Independant of what the codebase does it incorporates maintenance-efforts: On big codebases it takes longer to implement changes, more code needs to be read/comprehended. Codebase size also correlates with longer builds, deployment processes and startup times, which means a latency-increase of feedback loops. Encapsulation/Modularizaton can be applied, but it only weakens the impact: You won’t be able to reduce efforts of a 100M codebase compared to a 10K one by just having good code-quality.

Codebase quality

Decent code-quality is important for implementing changes quickly (readable code, separation of concerns, DRY etc.). Good quality also includes test-coverage so regression-bugs are better caught and there is a safety-net during refactorings. Though business often neglects less visibile code-quality, it is essential to reduce lead-time. In severe cases you’re at a dead end: code is such in a bad shape, that it is impossible to evolve (changes are too side-effect-risky and/or too expensive).

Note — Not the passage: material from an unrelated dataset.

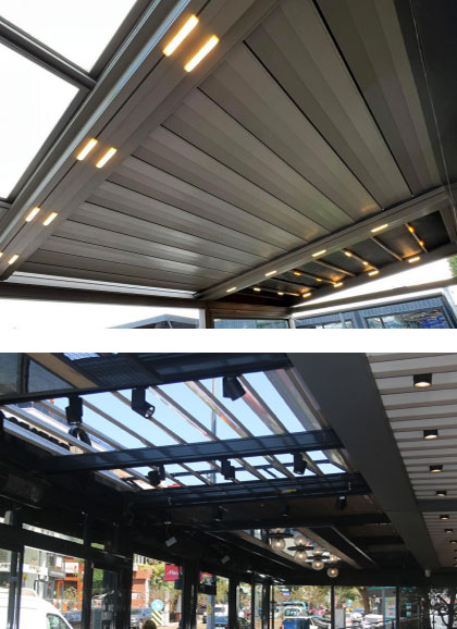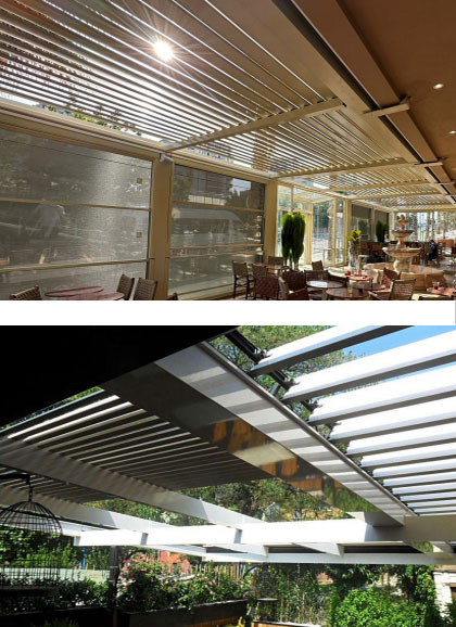 Engineered with precise tilting and full-panel retraction features, it delivers adaptable climate control and exceptional comfort throughout the year. Its broad, angled louvers not only ensure efficient water drainage but also create a bold architectural statement. With a single command, the roof glides effortlessly-from softly filtered daylight to a completely open sky-seamlessly harmonizing with its surroundings.

Tools/technology diversity

Itself diversity of tools (programming-languages, frameworks, hardware etc.) is good because you can choose the right one to solve your specific problem. But it also increases risk: single-person-know-how, legacy-tech, learning-curves, beta/buggy-stability, upgrade/patching-efforts, transitive dependencies (see .dll, .jar nightmares).

Integration points

Though distributed systems are necessary (scaleability, reliability, modularization, partner-integrations) they are more fragile: Monitoring and deployment efforts increase and security breaches are more likely. Also tracing, debugging and testing efforts are higher.

Organization Size

One of the biggest factors is the size of your organization because efforts increase squarely (see also Mythical Man Month). Bigger organizations try to fight this by introducing hierachies and heavy-weight processes, but this structure can have negative impact on “short/quick” decisions and slows down speed. In some scenarios political-games emerge, which block progress considerably.

External partners

External-partner-integrations (most likely over APIs, batch processing) need more investment: Different release cycles need to be taken into account, compatibility must be offered and dedicated monitoring needs to be setup. Also communication is less direct (fixed calls, meetings, travelling).

User-Base + Traffic

A bigger User-Base means you have to spend more effort on support. Because of the mass statistically more edge-cases come up and need to be handled by software. Also scalability requirements need to be implemented by more sophisticated production environments. Popular systems also attract criminal activity, which you need to respond with higher security-investments, which again make the system less usable. Big applications also produce more data, which needs to be maintained (compatibility, migrations, analyzation).

Being Complexity aware

Above factors cannot be reduced to Zero (you will always meet an Inherent Complexity), but you should fight back:

• Prioritize, prioritize, prioritize: Featuritis has bad impact on usability and codebase-size. Implement important features only. Remove unneeded features and cleanup code.
• Consolidate technologies: Don’t introduce a new technology just because it was praised in the last magazine. Evaluate it and maybe use it privately first.
• Take Fowler’s advice serious: “Don’t distribute, if you don’t have to”
• Don’t always increase team-size, rather have a small team with A-players.
• Quantify: Use metrics for business success, code-quality and production stability. Especially for bigger systems gut-feeling isn’t enough.
• …

The presented sections go along with my favorite test-smells:

1. Brittle tests: Though functionality hasn’t been changed the test fails. Test should show green but in fact shows red (false positive).
2. Inefficient tests: The effort of writing automated tests doesn’t pay out at all. The benefit/cost ratio (short + long term) is extremely low.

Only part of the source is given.